Part B Insider (Multispecialty) Coding Alert

TELEMEDICINE:

Telemedicine, Regular Medicine Both Have Same Result

What's the difference between counseling someone on managing her diabetes via video and in person?

Not much, according to the American Diabetes Association's Diabetes Care magazine. The April issue of the magazine features a study comparing the two methods of providing diabetes education by a team led by SUNY Upstate Medical University researcher Roberto Izquierdo.

Izquierdo's team divided a group of 56 diabetic adults into a telemedicine group and an in-person group, and gave both groups three consultations with nurses and nutrition counselors. They compared the two groups based on glycemic control and questionnaires regarding satisfaction and psychosocial functioning.

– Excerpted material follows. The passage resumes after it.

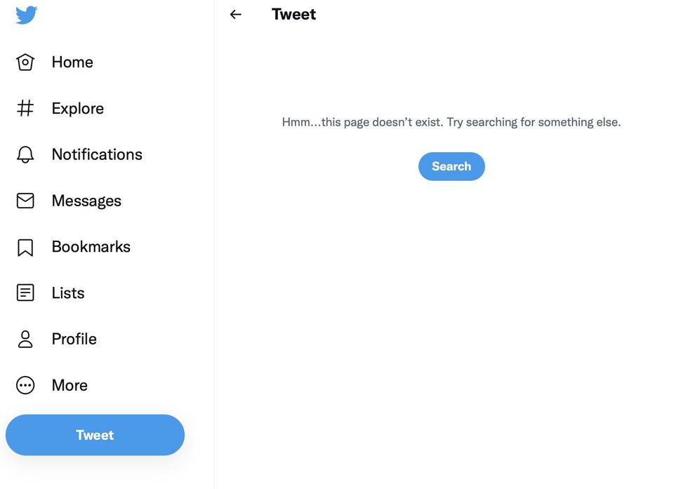 But the resulting message after clicking on the displayed tweet indicates the "page doesn't exist."
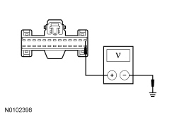 - Measure the voltage between the HVAC module C2357-1 (manual) or C228A-1 (DATC (Dual Automatic Temperature Control)), circuit SBP15 (WH/RD), harness side and ground.

They found that diabetic education via telemedicine was as effective as in-person education. The telemedicine group reported high satisfaction. Both groups had the same success in changing behavior and had similar improvements in their glycemic control.

"In many areas, people with diabetes live too far away from or do not have the transportation to be able to attend comprehensive education programs," the study says. "In addition, low-income patients with diabetes who are often treated in public healthcare systems frequently experience access problems."

Diabetes is one of the main areas that telemedicine providers are targeting, says Mike Lemnitzer, senior vice president with Eden Prairie, Minn.-based American Telecare. Fortunately, Medicare is starting to pay for telemedicine in some cases, with more apparently on the way.

American Telecare is helping with Medicare's largest telemedicine demonstration project, addressing diabetes. Led by Columbia University, the four-year, $28 million project is in its final year, with 1,500 patients taking part. The 750 non-control group patients each have a video-based system that checks blood pressure and blood glucose and takes pictures of skin and feet to search for signs of infection and other complications.

If a patient's data vary from the "care guidelines," the system will alert a physician or nurse.

The biggest hurdle to acceptance for diabetes telemedicine is that it can take five years before payers see the financial benefits of their investment because diabetes is a chronic disease, Lemnitzer says.

With American Telecare's systems, nurses or doctors can link with the patient via video and make sure he's using the correct medications and insulin dosage. The system can generate a report for physicians that shows the patient's vital signs during the past week based on regular tests that the patient can administer.

Since October 2001, physicians have been able to receive 100 percent reimbursement for video interactions with rural patients (those not in metropolitan statistical areas), Lemnitzer says. This must involve actual two-way video interaction, he says.